Built by researchers at Manchester University using titanium parts 3D-printed by BAE, the aircraft has made a series of flights from Llanbedr Airfield in north Wales, a specialist site for drone testing run by Snowdonia Aerospace LLP. Engineers at BAE Systems are testing this drone’s maneuverability in flight using supersonically blown air, removing the need for movable flight control surfaces.
According to the BAE by replacing moving surfaces with the blown air technology, aircraft that are lighter, more reliable and cheaper to operate could be developed, said BAE Systems. The technologies could also improve an aircraft’s stealth as they reduce the number of gaps and edges that currently make aircraft more observable on radar.
The Magma model also maneuvers using thrust vectoring, in which exhaust gases in the engine itself are deflected in different directions to aid control.
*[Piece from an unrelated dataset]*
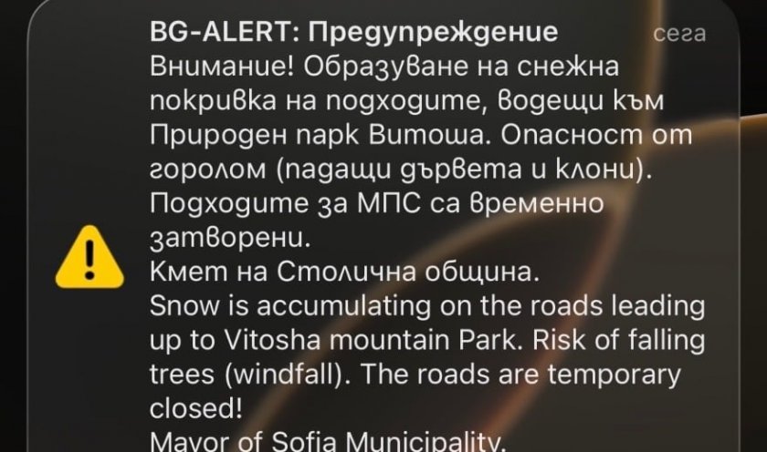Според официалното съобщение предупреждението е заради образуването на снежна покривка на подходите към Природен парк "Витоша" и опасност от падащи дървета и клони в този участък. Пътищата в района са временно затворени за моторни превозни средства.

The plane and its technology well establish the development of Britain’s Future Combat Air System project, which is being led by BAE and includes the Tempest fighter model unveiled last year.
The flight testing of the Magma drone took place at the Llanbedr Airfield in north-west Wales last month. The flight trials successfully demonstrated two “blown air” control technologies that replace moving surfaces such as flaps and ailerons and are designed to improve the control and performance of aircraft. Julia Sutcliffe, chief technologist at BAE Systems Air, said, “Our partnership with the University of Manchester has identified technology, in this case flap-free flight, and turned what began as a feasibility study into a proven capability in just a number of months. ”
Magma demonstrated two new ways to control an aircraft during flight. Wing circulation control, which takes air from the aircraft engine and blows it supersonically through narrow slots around a specially shaped wing tailing edge in order to control the aircraft; the other being fluidic thrust vectoring that controls the aircraft by blowing air jets inside the nozzle to deflect the exhaust jet and generate a control force.
Bill Crowther, senior academic and leader of the Magma project at The University of Manchester said, “We are excited to have been part of a long-standing effort to change the way in which aircraft can be controlled, going all the way back to the invention of wing warping by the Wright brothers,” adding, “We made our first fluidic thrust vectoring nozzle from glued together bits of plastic and tested it on a hair drier fan nearly 20 years ago. Today BAE Systems is 3D printing our components out of titanium and we are flight testing them on the back of a jet engine in an aircraft designed and built by the project team.”